Inmates were able to obtain their own intelligence on when another selection process was imminent, and a frantic operation took place to dye the hair of grey haired inmates using a mixture comprising margarine, powdered stone and oak bark retrieved from the building operations to which some of the inmates had been sent. In this way a number of grey haired inmates avoided being sent for extermination. One of the older inmates, aged 50, was called Leopoldine Sasso: she had hair that was not merely grey but had gone completely white. Later Käthe Smudits would marry Leopoldine Sasso's son.

On 28 April 1945, Smudits was among the inmates sent out by the camp authorities on a so-called death march towards the camp at Bergen-Belsen to the west. This was a response by the German authorities to the seemingly unstoppable advance from the east of the Soviet forces which were already fighting their way into the suburbs of Berlin. On the first night of the march Käthe and her friend Mizzi Bosch managed to escape, after which they made their way on foot back towards Vienna.
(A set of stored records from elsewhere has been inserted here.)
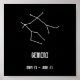 Arte mínima perfeita de baixa manutenção para o seu Gemini favorito. A constelação Gemini, título e intervalo de datas.
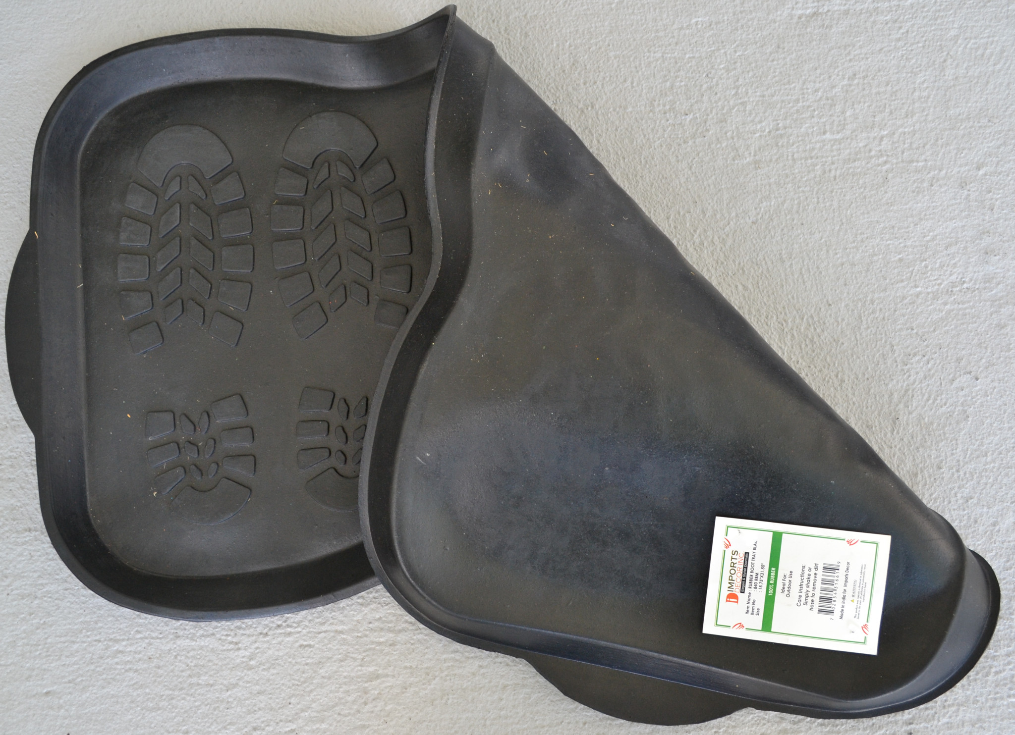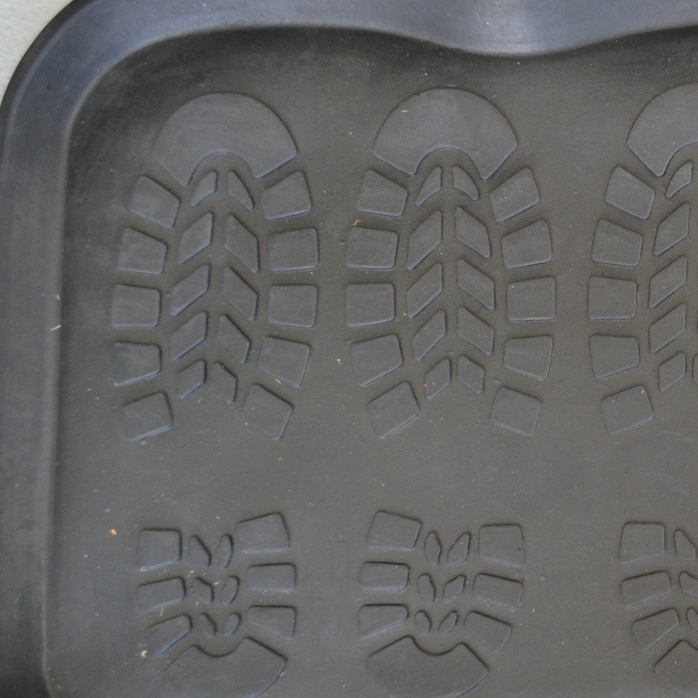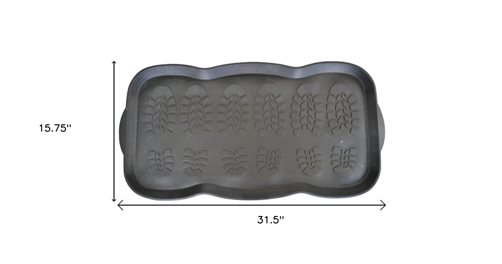 Ready to withstand heavy foot traffic, this 16-inch x 32-inch black rubber outdoor boot tray is an ideal option for the front door or entrance way of your home or business. Crafted from rubber, this mat is not only functional but is a visually appealing accessory to welcome people to your home or business. Add this decorative mat to create a practical yet inviting welcome to all who enter. 15.75-inch H x 31.5-inch W x 0.5-inch D
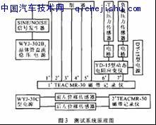 测试和记录系统由磁带记录仪、动态电阻应变仪、稳压电源、信号发生器、二踪示波器、压力传感器及位移传感器等组成。试验中通过仪器测取的参数为压力、角位移和线位移。液压缸的流量通过分别安装在前左轮和后左轮的2个转向缸上的位移传感器的位移计算得出。测试系统的工作原理如图3所示。
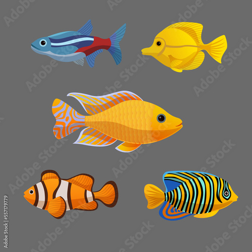© Alamin, Naklejka premium Five items are different fish illustrations.
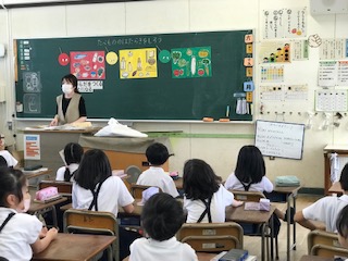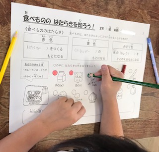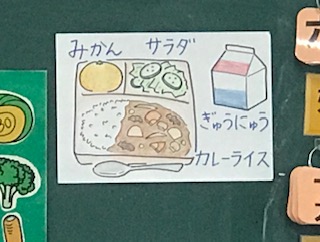 他校から栄養教諭を招き、各学年で食育や栄養に関する学習をしていただきます。第1回目は2年生の学習でした。食品は主な栄養素で分類され赤・黄・緑で表せることをなどを学びました。カレーの材料を栄養素別に色分けするお試し練習もしました。
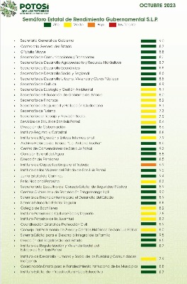 El Gobernador de San Luis Potosí Ricardo Gallardo Cardona, anunció los resultados del Semáforo de Rendimiento Gubernamental correspondiente al mes de octubre, que revelan un sólido desempeño de las y los funcionarios gubernamentales en apoyo a la ciudadanía, con el 64.2 por ciento de las dependencias estatales con calificación alta, solo una evaluación baja y sin que se hayan presentado registros insuficientes.
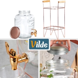 Le set comprend un bocal/distributeur en verre, un support métallique et un couvercle métallique à vis coloris or rose. Convient à l’eau, limonades maison, eaux aromatisées, jus, thés glacés et punchs. Idéal pour le jardin, la terrasse ou l’intérieur.
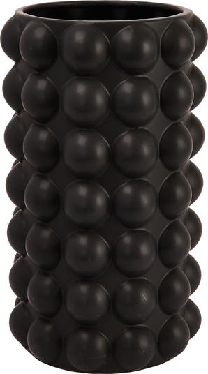Contrast and sophistication are added to any home with this matte charcoal stoneware umbrella holder/vase. This round umbrella holder/vase features raised dots that create a subtle texture and a matte charcoal finish that gives it a sleek and stylish look. This umbrella holder/vase does not have drainage holes, so it can be used as a decorative vase for fresh or artificial flowers, or as an umbrella holder for wet or dry umbrellas. This umbrella holder/vase is made of durable stoneware, which is a durable and sturdy material that can resist chipping and cracking. This umbrella holder/vase measures 9.25 inches in diameter and 16.25 inches in height, making it a spacious and elegant piece that can hold multiple umbrellas or a large bouquet of flowers. Whether placed near the door, in the hallway, or in the living room, this matte charcoal stoneware umbrella holder/vase adds a modern touch to any home.
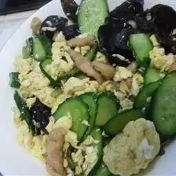 10. 炒勺烧热,放香油,待热时将打散的鸡蛋汁倒入锅中,摊成蛋饼,两面煎黄,盖在合菜上,即全部完成。
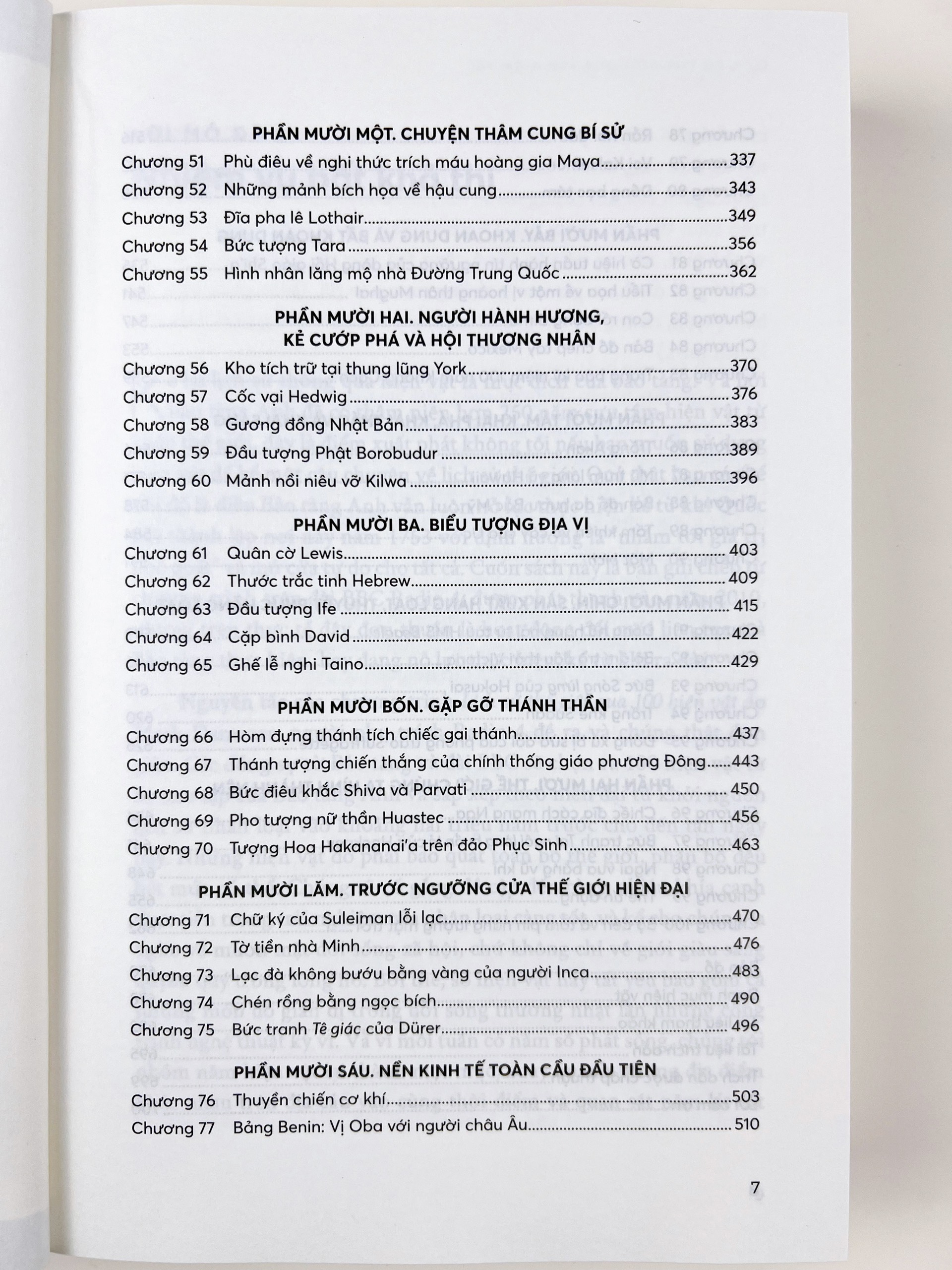 - Hình thức: Bìa mềm GIỚI THIỆU NỘI DUNG: “Lịch sử thế giới qua 100 hiện vật” được viết bởi Neil MacGregor - Nguyên Giám đốc Bảo tàng Anh (2003-2009) giúp chúng ta hiểu rõ hơn về quá trình phát triển của loài người bằng một góc nhìn mới lạ, đó là qua việc kể những câu chuyện lịch sử hấp dẫn, độc đáo xoay quanh các hiện vật tiêu biểu được trưng bày tại Bảo tàng Anh. Bảo tàng Anh được thành lập năm 1753 với định hướng là “nhắm tới giá trị phổ quát” và mở cửa tự do cho tất cả. Nơi đây đã có thâm niên hơn 250 năm sưu tầm hiện vật từ khắp thế giới, với gần 8.000.000 hiện vật được cất giữ và trưng bày tại đây, là các tác phẩm nghệ thuật vô giá và những báu vật của mọi nền văn minh của nhân loại trên thế giới – Ai Cập, Ba Tư, Hy Lạp, La Mã, Trung Hoa… Cuốn sách này là bản ghi chép từ chương trình trên đài BBC Radio 4, được phát thanh vào năm 2010, như một hoạt động đổi mới liên tục của Bảo tàng, mang lại cho Bảo tàng Anh giải thưởng “Bảo tàng của năm” (Art Fund Prize 2011). Bảo tàng và đài BBC đã chọn ra 100 hiện vật từ bộ sưu tập của Bảo tàng Anh và sắp xếp theo niên đại từ khởi nguồn lịch sử nhân loại vào khoảng hai triệu năm trước cho đến tận ngày nay. Những hiện vật đó bao quát toàn bộ thế giới, phân bố đều hết mức có thể, cố gắng đề cập đến càng nhiều khía cạnh thực tiễn trong trải nghiệm của nhân loại càng tốt, và kể cho chúng ta nghe về muôn mặt đời sống xã hội, chứ không chỉ về giới giàu sang quyền quý trong lòng nó. Bởi thế, số hiện vật này tất yếu bao gồm cả những món đồ giản dị trong đời sống thường nhật lẫn những công trình nghệ thuật kỳ vĩ. Một số hiện vật như: một công cụ chặt 2 triệu năm tuổi, một chiếc áo choàng bằng vàng của xứ Wales, tàu chiến cơ khí, tượng Phật ở Pakistan hay chiếc đồng hồ hàng hải trên tàu HMS Beagle.
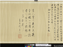 Wang Chen-p'eng, native to Chekiang Province, was favored as a painter and served at court in various positions throughout his career. This work depicts the Pond of Golden Brightness, which was opened
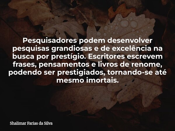Pesquisadores podem desenvolver... Shalimar Farias da Silva
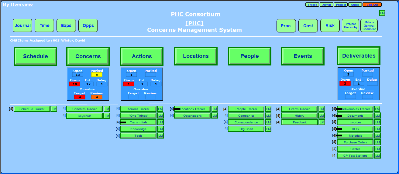 Project Health Control resolves communications issues by keeping data organised using the seven PHC lists, the most prominent being Concerns, Actions and Deliverables. Three kinds of human interface are provided in a PHC system for access to a project's PHC data.
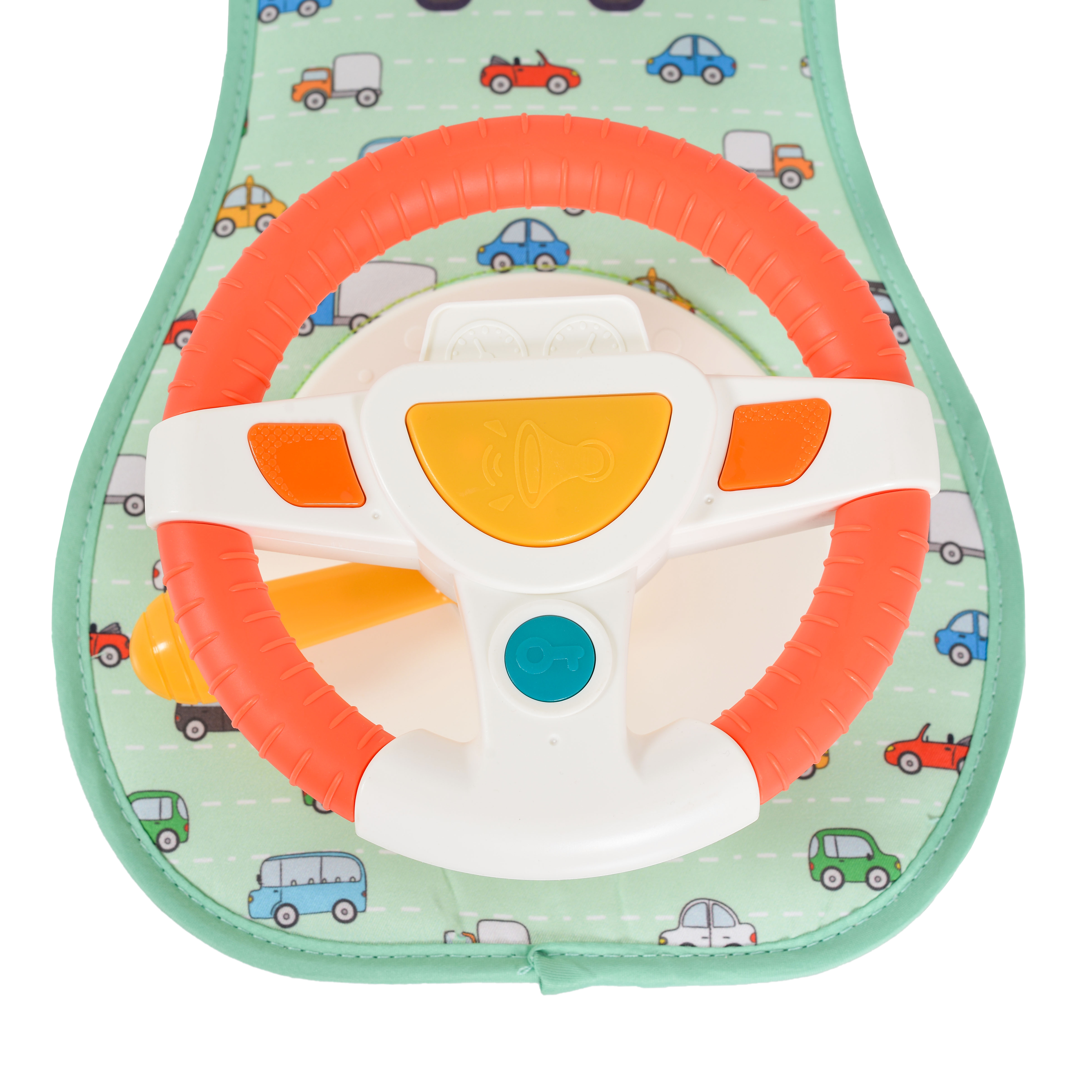 The Moni Baby Pilot HE0623 is an interactive car toy that attaches to the back of the front seat and is intended for children 18+ months using a forward-facing car seat. It features realistic car sounds, melodies, flashing lights and a safe mirror, stimulating sensory development and imaginative play during travel.
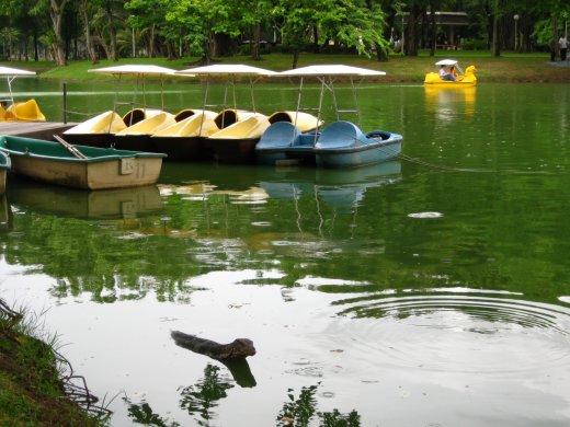 De vijvers van dit stadspark blijken ook een aantal vreemde gasten te herbergen: varanen. Deze hagedissen kunnen zo groot als alligators worden. Buitenlanders vinden dit maar een vreemde gewaarwording, maar de Thai boeit het niet.
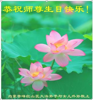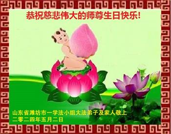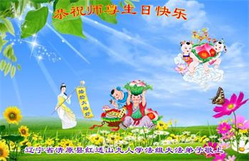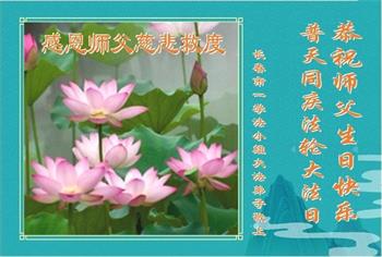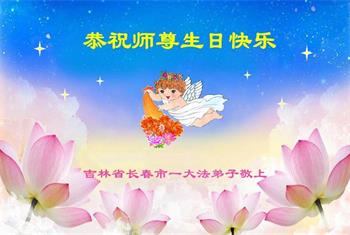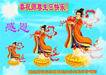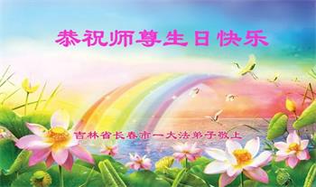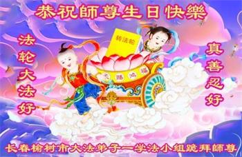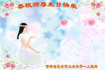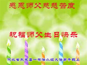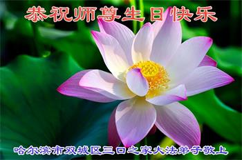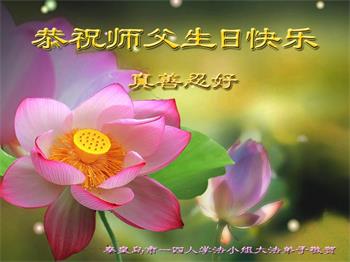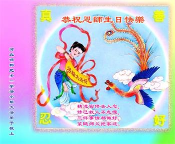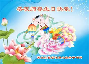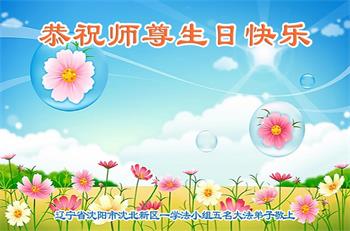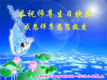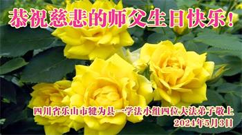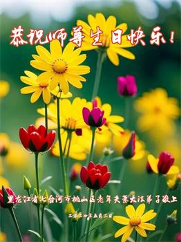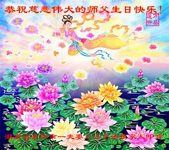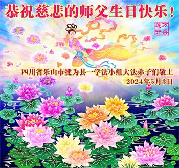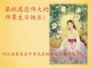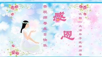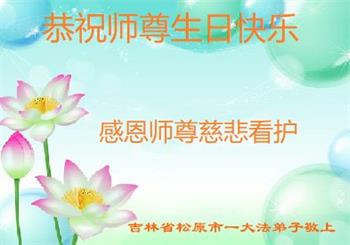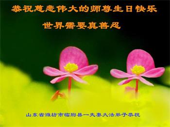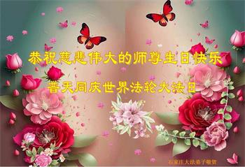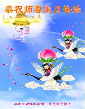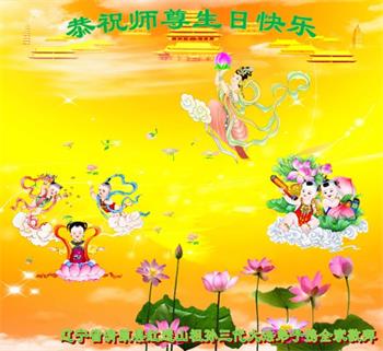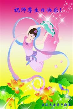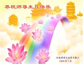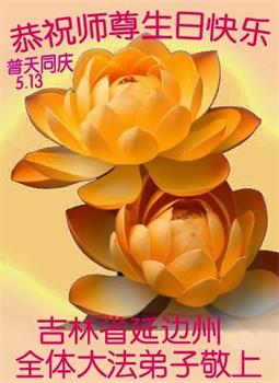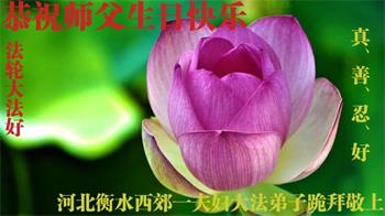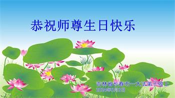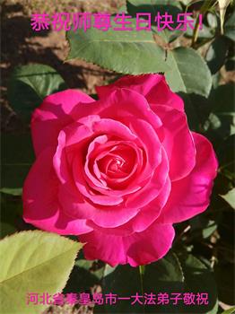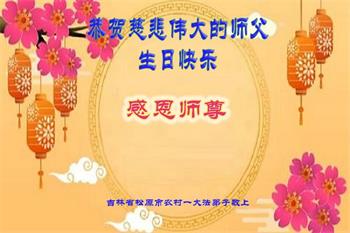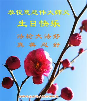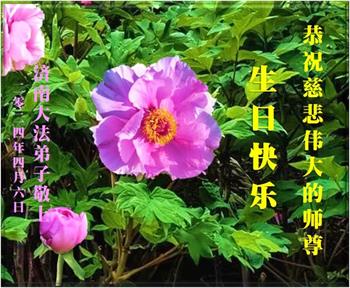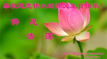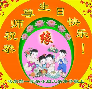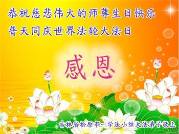 慈悲伟大的师父:祝您生日快乐!弟子非常感恩您引导我们走上了返本归真的修炼道路,给了我们健康的身体,使我们懂得了按真善忍做个好人。弟子一定牢记你的教导,修好自己,达到大法弟子圆满的标准,跟师父回家,这是我们最大的心愿!

Their first experience of Vienna was anything but welcoming, however, when the two of them were thrown off a tram by the conductor because they had no money for a ticket. Mizzi Bosch died a year later as a result of the torture she had suffered in the camp.

==After the war==
After the liberation Käthe Smudits remained in Vienna. In 1946 she married Josef Sasso, like her a surviving resistance activist. The marriage produced three children. Later they moved out of the city and settled in Lower Austria.

From the 1990s, Sasso made herself available as a surviving contemporary witness with regard to her experiences of National Socialism. On 5 May 2008, and again on 27 January 2013, she addressed commemoration rallies held in Vienna's Heldenplatz ("Heroes' Square") in the context of Holocaust commemoration events.

Sasso died on 14 April 2024, at the age of 98.